The foundation didn't go bankrupt. Also:

1. The foundation doesn't (currently) even fund any developers despite having resolved those issues, because developers are pretty expensive.

2. I wasn't referring to the foundation specifically anyway. If you don't want to support the foundation you can just donate to a developer/project individually, if they are open to it.

3. I don't think the issue can be reduced to lack of donations. Donations are good but aren't really a reliable funding source. A healthy project usually needs other funding sources than just donations.

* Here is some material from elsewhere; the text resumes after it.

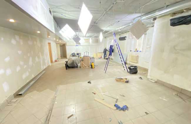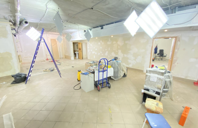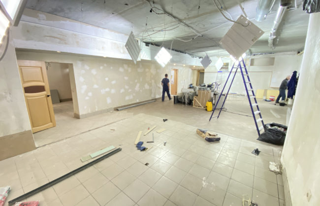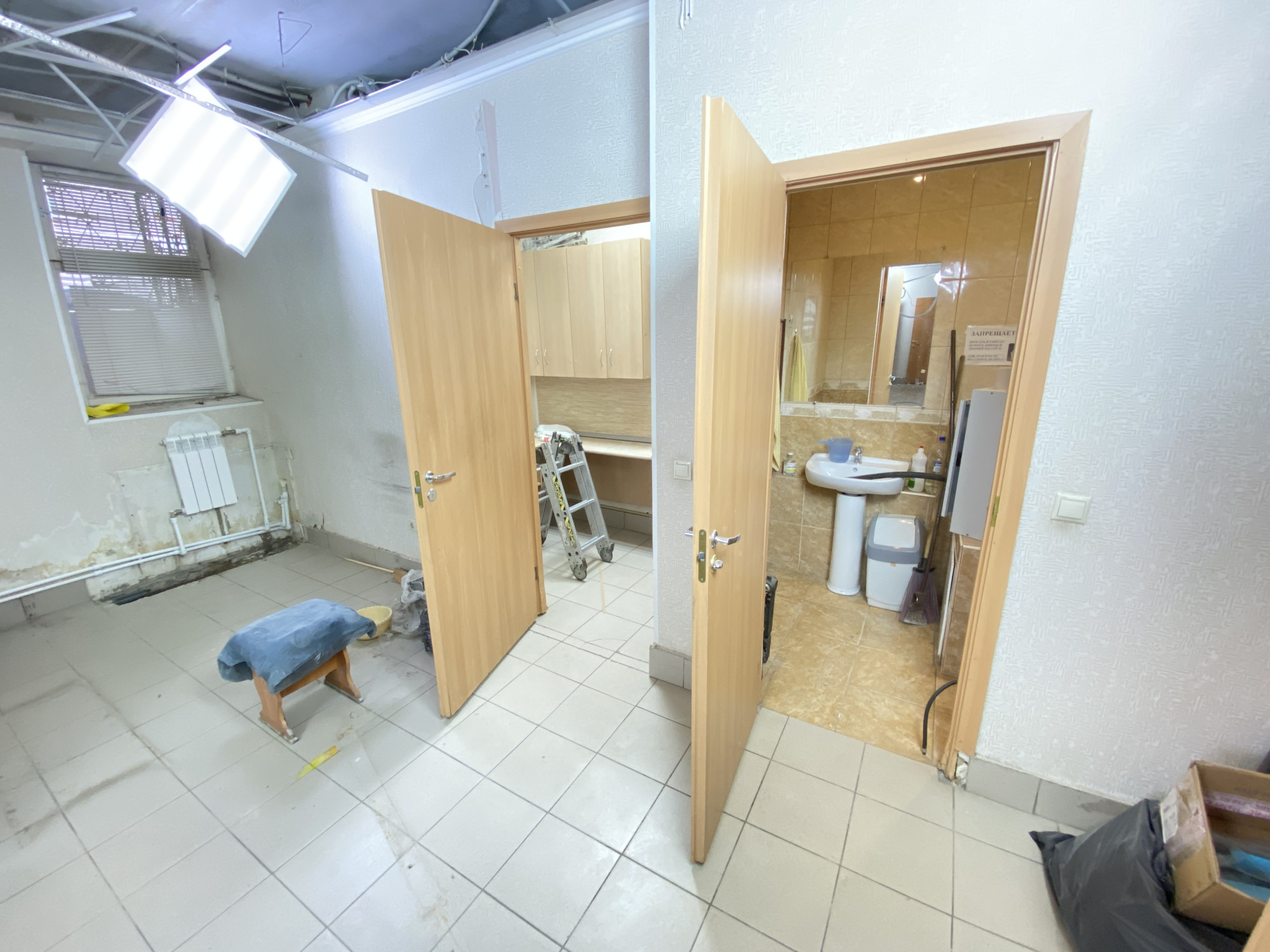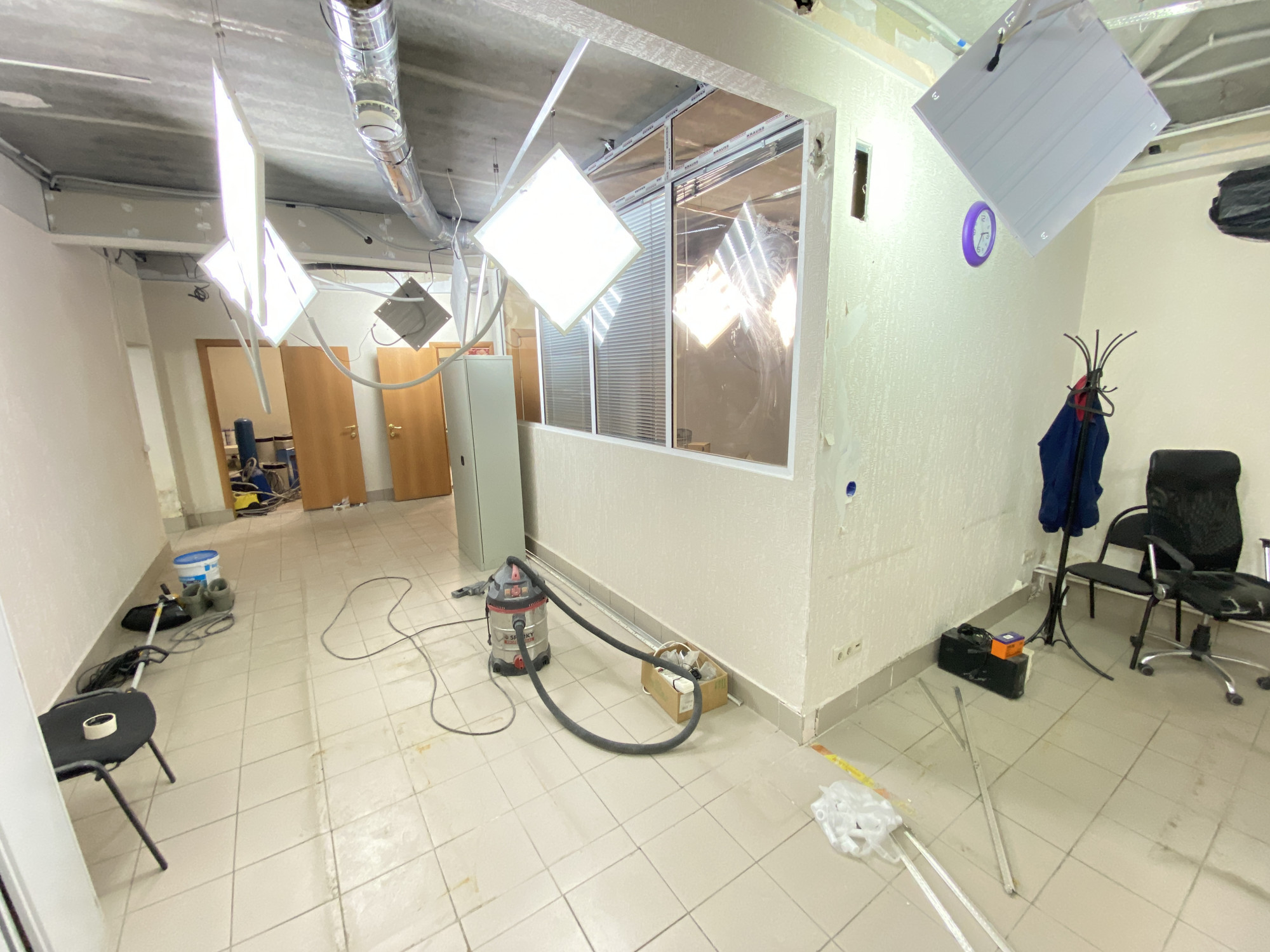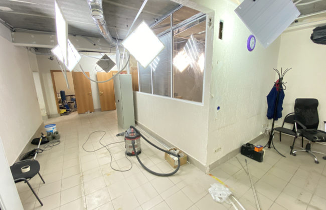 Помещение на стадии ремонта, на данный момент можно сделать по желанию арендатора. Посередине стены капитальные, остальные из гипсокартона, можно их демонтировать.

The lack of backwards compatibility with extensions is probably my number one issue with Gnome. Every release breaks every extension. I wish they would commit to stable APIs.


I used GNOME 1.0, since the early days, even tried to contribute to Gtkmm back in the day, and now run XFCE on my travel netbook despite my usual C rants.

Because having a JavaScript driven desktop, and being forced to install extensions even for basic stuff is a no go for me, I rather use something that fully embraces C.